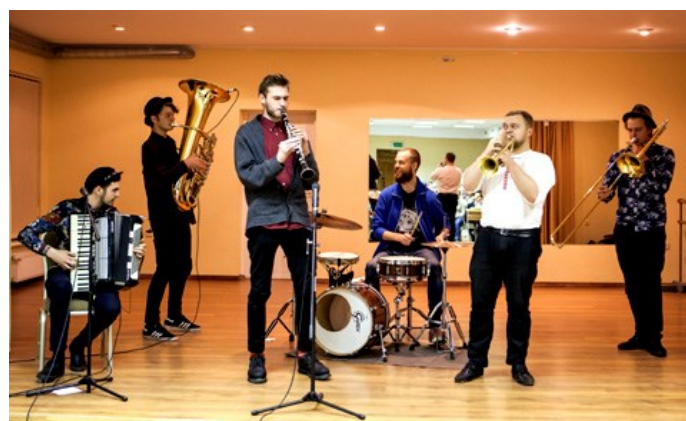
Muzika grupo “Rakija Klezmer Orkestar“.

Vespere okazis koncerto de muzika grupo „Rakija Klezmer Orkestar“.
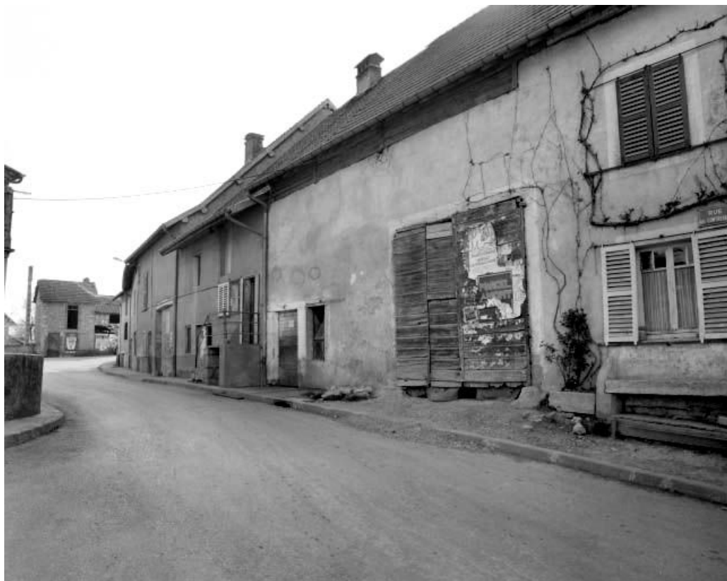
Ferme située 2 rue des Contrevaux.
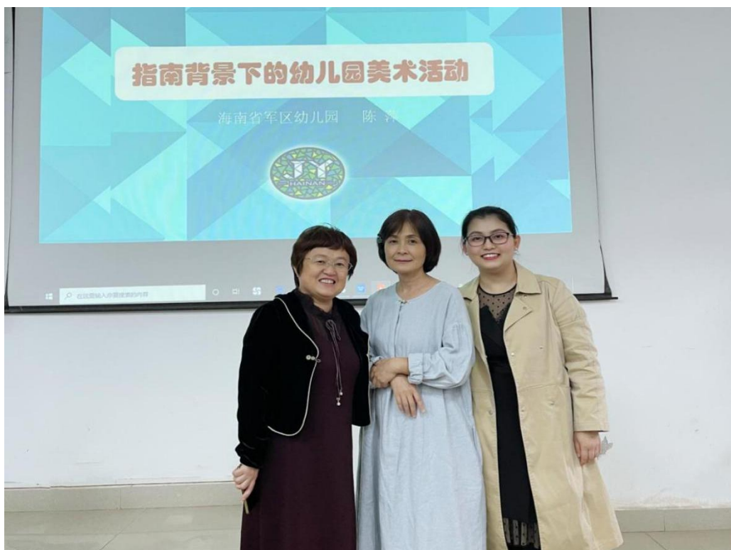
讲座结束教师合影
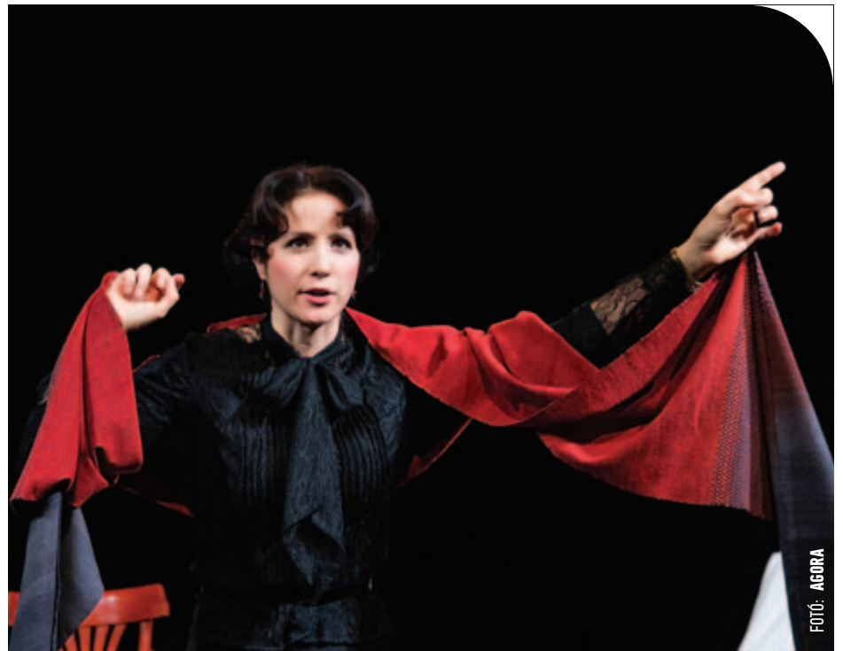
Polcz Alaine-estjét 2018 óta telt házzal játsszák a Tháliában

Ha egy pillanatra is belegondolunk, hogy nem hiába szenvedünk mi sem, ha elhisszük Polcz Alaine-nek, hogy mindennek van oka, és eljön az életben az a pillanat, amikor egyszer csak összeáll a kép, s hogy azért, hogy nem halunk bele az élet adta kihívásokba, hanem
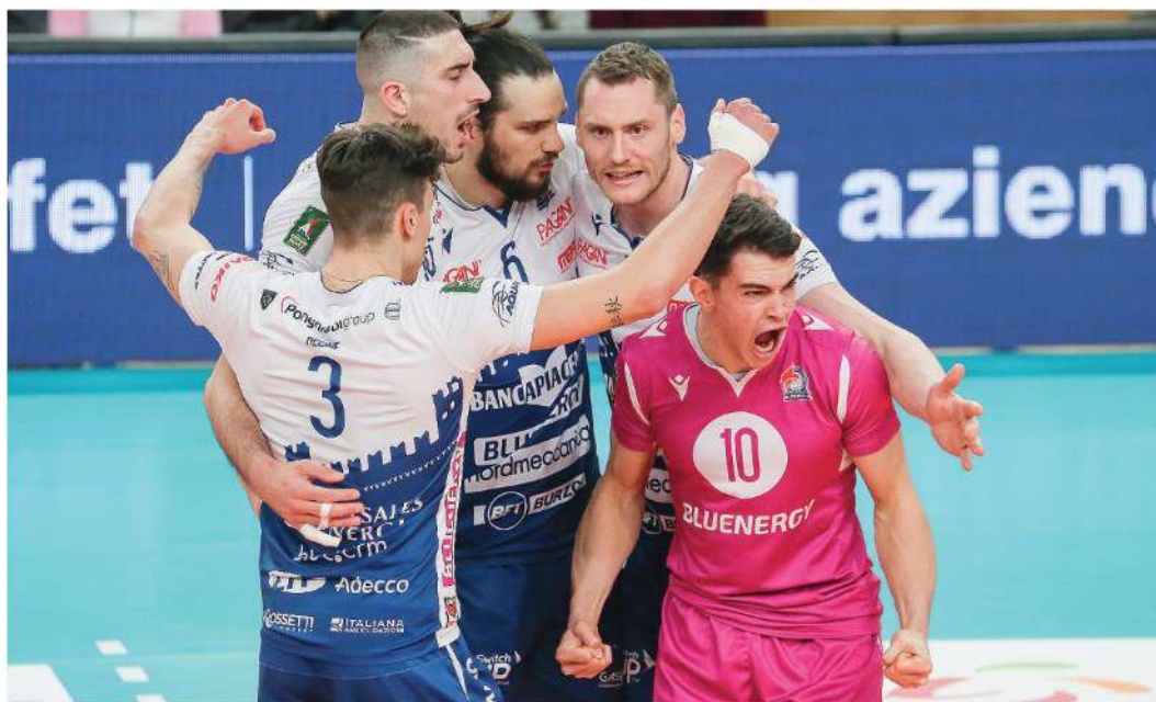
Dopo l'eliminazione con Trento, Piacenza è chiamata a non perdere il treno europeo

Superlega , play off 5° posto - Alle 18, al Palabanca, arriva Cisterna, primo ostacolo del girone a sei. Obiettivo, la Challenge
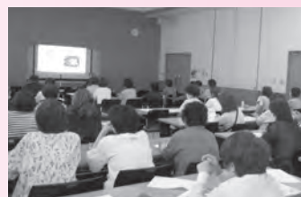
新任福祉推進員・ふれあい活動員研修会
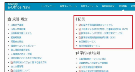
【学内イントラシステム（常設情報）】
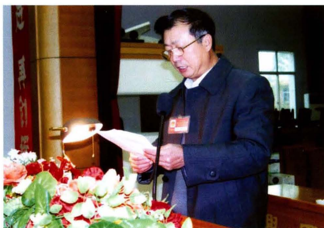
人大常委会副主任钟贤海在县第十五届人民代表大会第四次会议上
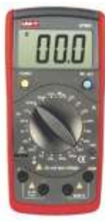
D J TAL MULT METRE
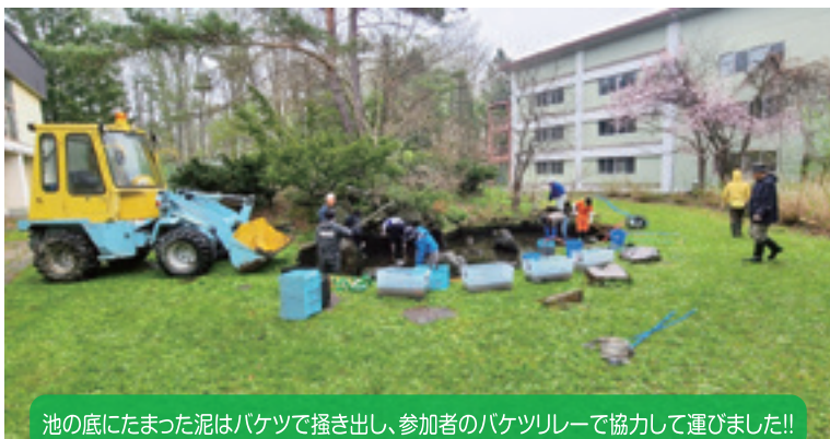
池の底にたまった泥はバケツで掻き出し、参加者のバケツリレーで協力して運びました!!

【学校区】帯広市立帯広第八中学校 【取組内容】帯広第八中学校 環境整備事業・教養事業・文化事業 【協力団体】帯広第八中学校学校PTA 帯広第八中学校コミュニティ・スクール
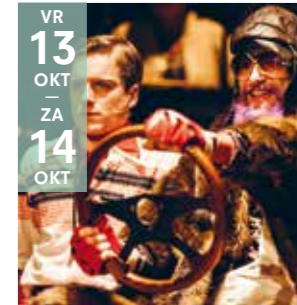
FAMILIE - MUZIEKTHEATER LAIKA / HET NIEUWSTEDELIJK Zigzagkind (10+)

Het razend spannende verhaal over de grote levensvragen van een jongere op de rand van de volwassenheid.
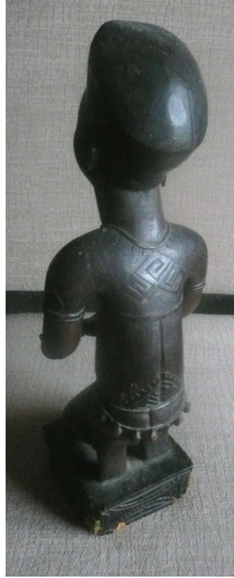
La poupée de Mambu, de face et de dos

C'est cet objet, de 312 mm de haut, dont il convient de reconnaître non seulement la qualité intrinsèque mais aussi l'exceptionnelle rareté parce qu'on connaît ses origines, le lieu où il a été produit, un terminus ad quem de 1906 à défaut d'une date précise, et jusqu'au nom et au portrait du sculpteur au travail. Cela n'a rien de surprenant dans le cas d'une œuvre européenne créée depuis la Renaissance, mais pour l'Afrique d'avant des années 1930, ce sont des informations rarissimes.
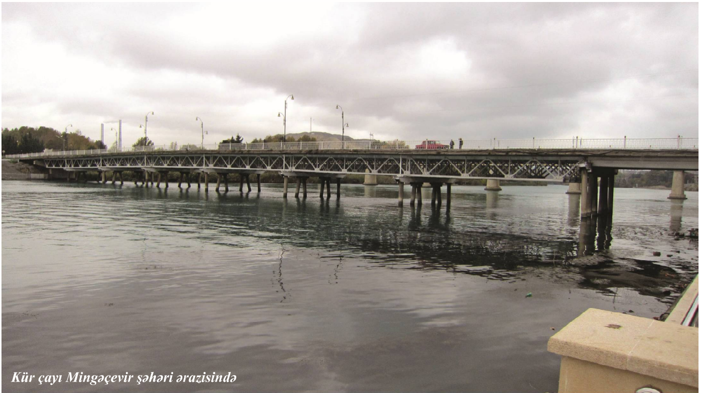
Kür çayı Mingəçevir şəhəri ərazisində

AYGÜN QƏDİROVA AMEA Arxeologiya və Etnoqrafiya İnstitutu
☆ ☆ ☆
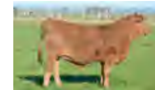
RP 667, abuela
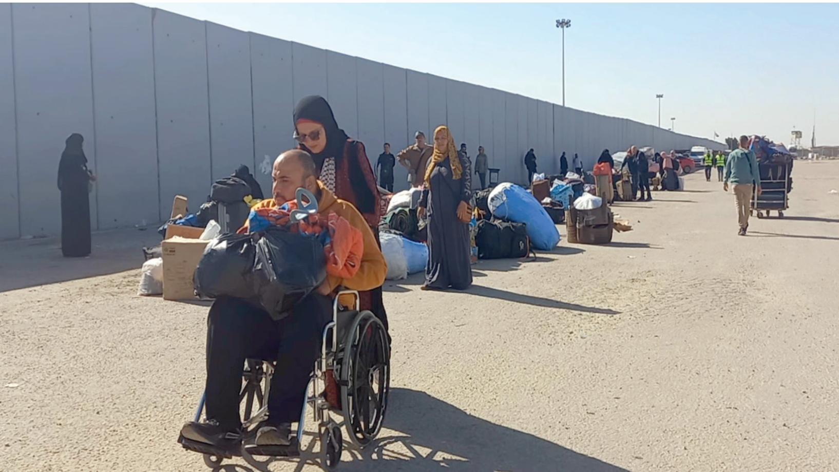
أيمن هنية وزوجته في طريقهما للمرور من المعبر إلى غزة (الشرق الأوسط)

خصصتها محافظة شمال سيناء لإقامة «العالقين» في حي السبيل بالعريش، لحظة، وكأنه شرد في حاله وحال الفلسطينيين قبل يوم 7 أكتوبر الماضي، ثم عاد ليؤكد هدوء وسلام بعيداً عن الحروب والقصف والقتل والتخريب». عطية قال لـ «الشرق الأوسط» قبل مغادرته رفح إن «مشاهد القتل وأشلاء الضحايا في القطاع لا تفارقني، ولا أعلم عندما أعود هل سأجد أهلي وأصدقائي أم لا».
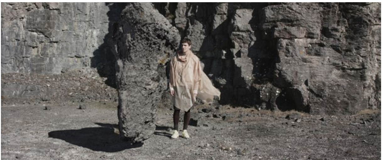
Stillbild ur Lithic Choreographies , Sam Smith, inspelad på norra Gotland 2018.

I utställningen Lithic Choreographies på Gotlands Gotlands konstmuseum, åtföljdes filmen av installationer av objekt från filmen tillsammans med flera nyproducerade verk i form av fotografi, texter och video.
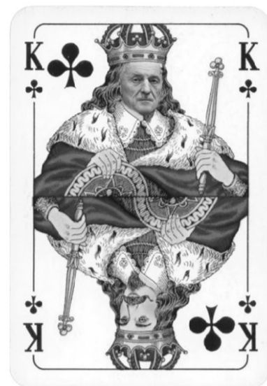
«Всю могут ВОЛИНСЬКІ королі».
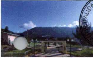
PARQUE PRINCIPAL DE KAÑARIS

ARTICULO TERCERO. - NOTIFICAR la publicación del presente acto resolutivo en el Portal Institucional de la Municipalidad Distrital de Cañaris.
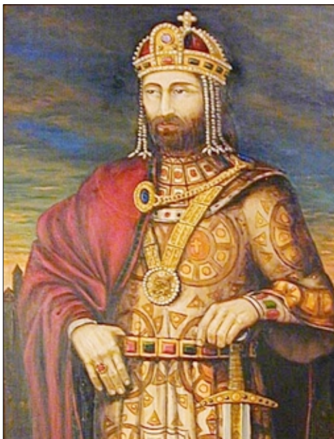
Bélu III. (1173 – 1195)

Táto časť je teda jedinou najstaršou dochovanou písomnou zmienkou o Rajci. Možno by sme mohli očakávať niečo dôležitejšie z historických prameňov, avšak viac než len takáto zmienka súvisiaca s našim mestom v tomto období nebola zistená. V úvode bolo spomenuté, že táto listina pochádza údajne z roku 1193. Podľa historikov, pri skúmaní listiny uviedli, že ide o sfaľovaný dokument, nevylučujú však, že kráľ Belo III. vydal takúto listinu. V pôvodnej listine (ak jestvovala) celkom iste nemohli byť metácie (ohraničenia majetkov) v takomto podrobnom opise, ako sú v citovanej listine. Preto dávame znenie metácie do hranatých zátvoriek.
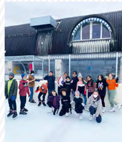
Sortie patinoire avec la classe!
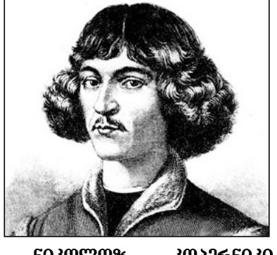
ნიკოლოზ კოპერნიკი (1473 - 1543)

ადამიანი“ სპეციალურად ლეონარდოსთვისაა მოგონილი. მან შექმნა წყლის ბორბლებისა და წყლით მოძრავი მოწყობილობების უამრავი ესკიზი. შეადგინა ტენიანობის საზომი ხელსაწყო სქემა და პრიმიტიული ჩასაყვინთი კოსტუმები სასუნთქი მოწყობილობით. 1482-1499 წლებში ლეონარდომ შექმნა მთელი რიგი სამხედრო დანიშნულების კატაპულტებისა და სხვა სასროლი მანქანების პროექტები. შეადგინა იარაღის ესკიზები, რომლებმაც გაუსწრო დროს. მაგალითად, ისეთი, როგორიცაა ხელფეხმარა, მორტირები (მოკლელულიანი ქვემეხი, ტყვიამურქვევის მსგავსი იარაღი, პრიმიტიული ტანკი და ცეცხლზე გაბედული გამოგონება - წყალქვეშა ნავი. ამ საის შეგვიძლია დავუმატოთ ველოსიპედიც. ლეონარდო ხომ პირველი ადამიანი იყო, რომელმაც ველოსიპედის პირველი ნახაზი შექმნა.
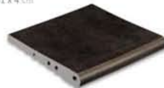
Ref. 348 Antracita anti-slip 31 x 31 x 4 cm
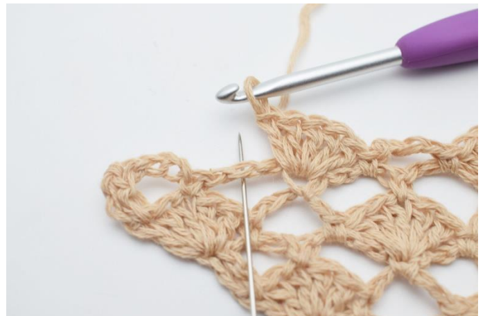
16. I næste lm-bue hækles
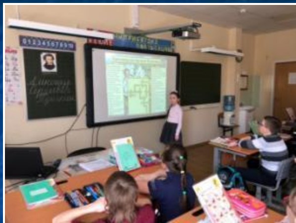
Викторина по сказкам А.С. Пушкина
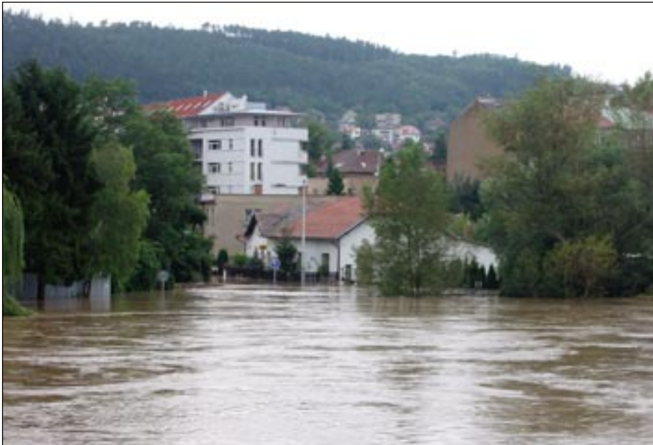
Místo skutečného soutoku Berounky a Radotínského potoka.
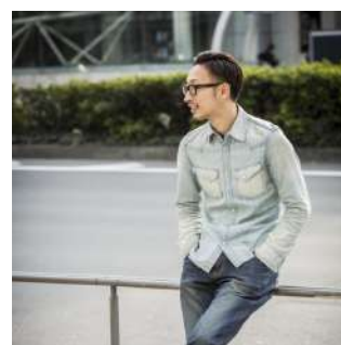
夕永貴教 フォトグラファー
☆ ☆ ☆
Instructions to follow
Where a line of the records contains the word "Polcz", copy that line.

Result below
Polcz Alaine-estjét 2018 óta telt házzal játsszák a Tháliában
Ha egy pillanatra is belegondolunk, hogy nem hiába szenvedünk mi sem, ha elhisszük Polcz Alaine-nek, hogy mindennek van oka, és eljön az életben az a pillanat, amikor egyszer csak összeáll a kép, s hogy azért, hogy nem halunk bele az élet adta kihívásokba, hanem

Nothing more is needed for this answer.